Comment 2 Tim Chase 2016-11-28 19:56:14 UTC
When issuing "bsdinstall -D debug.log", the tail of my log (right before the hang/freeze) is

DEBUG: zfs_create_diskpart: disk=[md0] index=[0]
DEBUG: zfs_create_diskpart: Exporting ZFS pools...   
DEBUG: zfs_create_diskpart: zpool export -f "zroot"

So the attempt to "zpool export -f" my root also seems to be taking down the GELI according to my console.  But I need that zroot to stick around since that's where bsdinstall and its supporting files are located.
Comment 3 Tim Chase 2016-11-28 20:04:41 UTC
(In reply to Allan Jude from comment #1)

Is it possible to detect whether any pieces of a previous install are there and at least ask before attempting to drop them all on the floor?  Possibly within those `while` loops:

  zpool "bootpool" already exists. Drop it? (y/N) N
  zpool "targetpool" already exists. Drop it? (y/N) Y
  zpool "zpool" already exists. Drop it? (y/N) N
  geli "md0p1" already exists. Drop it? (y/N) Y
  geli "ada0p3" already exists. Drop it? (y/N) N

(there might be similar issues for the `graid` cleanup that don't come into play in my test setup since I'm not doing any flavor of raid).
Comment 4 Tim Chase 2016-11-28 20:43:59 UTC
Maddeningly, I commented out lines 782-802 of zfs_create_diskpart() where those pools get exported and the GELIs get detached, and made sure that there was nothing on md0 (no gparts, no geli, no zpools; just a zeroed out device) but something is still detaching my local GELI (and possibly exporting my zroot pool as well) when I confirm "yes, nuke md0".
Comment 5 Allan Jude freebsd_committer 2016-11-28 20:48:13 UTC
(In reply to Tim Chase from comment #2)
Are you trying to create a new zpool on md0 with the same name as your currently imported root pool? This will not work.
Comment 6 Tim Chase 2016-11-28 21:23:42 UTC
(In reply to Allan Jude from comment #5)

TL;DR: no.

I already learned that the hard way (and what got me poking in the zfsboot script in the first place), so I'm issuing 

  # export ZFSBOOT_POOL_NAME=myzpool
  # export ZFSBOOT_BOOT_POOL_NAME=mybootpool
  # bsdinstall

to ensure the pool-names don't conflict with my local pools (the installer lets me change ZFSBOOT_POOL_NAME at run-time but not ZFSBOOT_BOOT_POOL_NAME).

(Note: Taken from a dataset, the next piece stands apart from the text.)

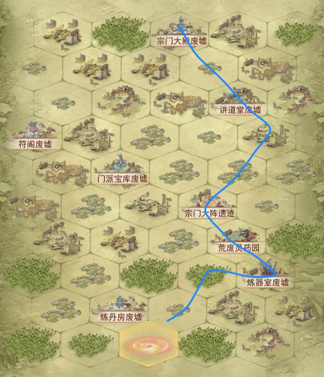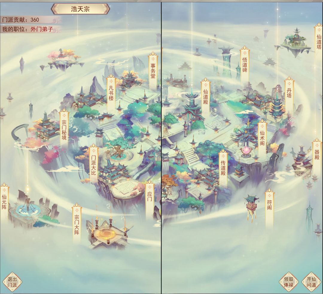 按上图顺序探索,探索完成后,不点其他地方,每天点炼器室,宗门大阵,讲道堂,宗门大殿
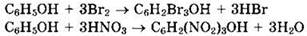 Решение 9. Гидроксильная группа фенола, являясь заместителем I рода, активирует электрофильные реакции замещения и направляет их в положения 2, 4, 6 (орто- и пара-положения). Реакции замещения в бензольном кольце идут легче, чем для бензола. Так фенол обесцвечивает бромную воду без катализатора с образованием 2,4,6-трибромфенола и нитруется до 2,4,6-тринитрофенола:

When I examine the md0 device after the hang-up, it does indeed have my specified names as the pool names, so this shouldn't be the problem.
Comment 7 Tim Chase 2016-11-29 17:01:24 UTC
As an absolute worst-case remedy, it should attempt to detect that it's running on a live/installed system vs. an installer image and warn that it's only designed to be run from an installer.  This should save folks from having their systems hang unexpectedly when their root FS is pulled as an unintended consequence of attempting something that should be benign.